Ethics statement
This study was approved by the Ethics Committee of Hasheminejad Clinical Research Development Center. All patients initially provided informed consent for access to their medical records for research purposes. All the methods were performed in accordance with the determined guidelines and regulations.
Settings
In this study the archived clinical data of ESRD patients who underwent AVF surgery from 2015 to 2018 at Hasheminejad Kidney Center (HKC) in Iran has been followed up by using predictive approach. Patients’ status were analyzed in two condition: during surgery and after surgery.
Participants and Variables
The following inclusion and exclusion criteria was employed for 300 patients who had undergone radio cephalic AVF (Cimino fistula) creation (Figure1). Seventy of these patients could not be followed up and also 67 of the population were expired and subsequently there were no records about their AVF status. Thus, they were excluded. In addition,50 patients who had over 50% missing value, were eliminated from processing to limit the data noise. As a result, merely 113 of the original 300 patients were analyzed.
Survival of arteriovenous fistula was considered as a target variable, which is classified in 2 groups (Table1) based on their medical records and consultation of surgeons. At initial stages of study, attributes such as ESR, CRP, RBC, WBC, PT, PTT, INR, HB, SI, TIBC and serum ferritin were evaluated for these patients. Out of these parameters, PTT, PT, INR, WBC and RBC on account of no significant effect on target variable, and also ESR and CRP due to 80% missing value, were excluded from the processing.
The involved variables such as serum ferritin were categorized into 3 subgroups as shown in Table 2 with respect to the recommendation of international guidelines for controlling of iron deficiency anemia (IDA) in CKD which mention that the upper limit of serum ferritin should be maintained at <500-800 ng/ml [10, 21-29]. Moreover, other study groups in Europe and US recommend, ferritin should be kept at 400-600 ng/ml [30] and 200-1200 ng/ml in HD patients [17]. Due to the availability and applicability of the population in this study, the limited cutoff level of HB could be analyzed. In this regard, HB was classified into only two groups (Table3) regarding the HB levels proposed by NKF-DOQF guidelines (11-12 g/dl) [31] and studies which had detected the relation between AVF failure and HB<8 g/dl, rather than other three strata (8-10, 10-12 and >12 g/dl) [6]. SI/TIBC classification (Table4) has been selected based on the recommendation of Kidney Disease Outcome Quality Initiative (K/DOQI) of the National Kidney Foundation [32] and the Best Practice Guidelines of the European Renal Association [23] which included cutoff level of 20-50% for ISAT.
Table 1
Table 2
Table 3
Table 4
Data Mining Process
Real data in large data bases and data warehouses usually encounter three complications that are: incomplete, noisy and inconsistent data.
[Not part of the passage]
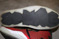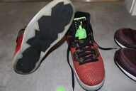 rot mit schwarz und weißem Sohlenrand, in der Sohle könnt Ihr den Schriftzug FORTY (linker Schuh) bzw. SPIKE (rechter Schuh) lesen.

Thus, preprocessing is a pivotal step in knowledge discovery in data bases (KDD) because high-quality data will lead to a high-quality decision [18]. In this regard, the construction of data base and also both data cleaning and integration were done in IBM SPSS Statistic version 22. Decision tree was used in Rapid miner studio version 9 for analyzing the data. This was done because when there is no linear relationship between the attributes and for better understanding of the effect of variables on each other -such as determining the range of variable data impact on target variable- the rule mining and decision tree can assist us in analyzing.
Different decision tree (DT) algorithms can be used to classify data, whose target variable can include patients’ final status. With the aim of the rules extracted by decision tree, the data mining system can be trained to learn the rules that controlled the end state of patients. Then, the system can be asked by applying the rules to make prediction on patients whose final status has not been provided to the system [33]. A decision tree structure is like a flowchart which consists of three parts: 1) the nodes, which indicate test on attribute value; and the highest node in tree is the root node; 2) branches that signify the test outcomes, 3) and finally, leaves which represent class or class distribution [18]. We used decision tree-based Chi-squared Automatic Interaction Detection (CHAID) which is based on the chi-squared attribute relevance test [34].
The confusion matrix was used to measure the accuracy of the prediction method. Such representation is usually used for supervised algorithms, where each row of the confusion matrix represents the true value, but each column contains the predicted sample [35].
After preprocessing the data, CHAID decision tree was plotted respectively in Figures 2, 3, 4, 5 by Rapid miner studio version 9. Also, in all four states, AVF survival was the target attribute.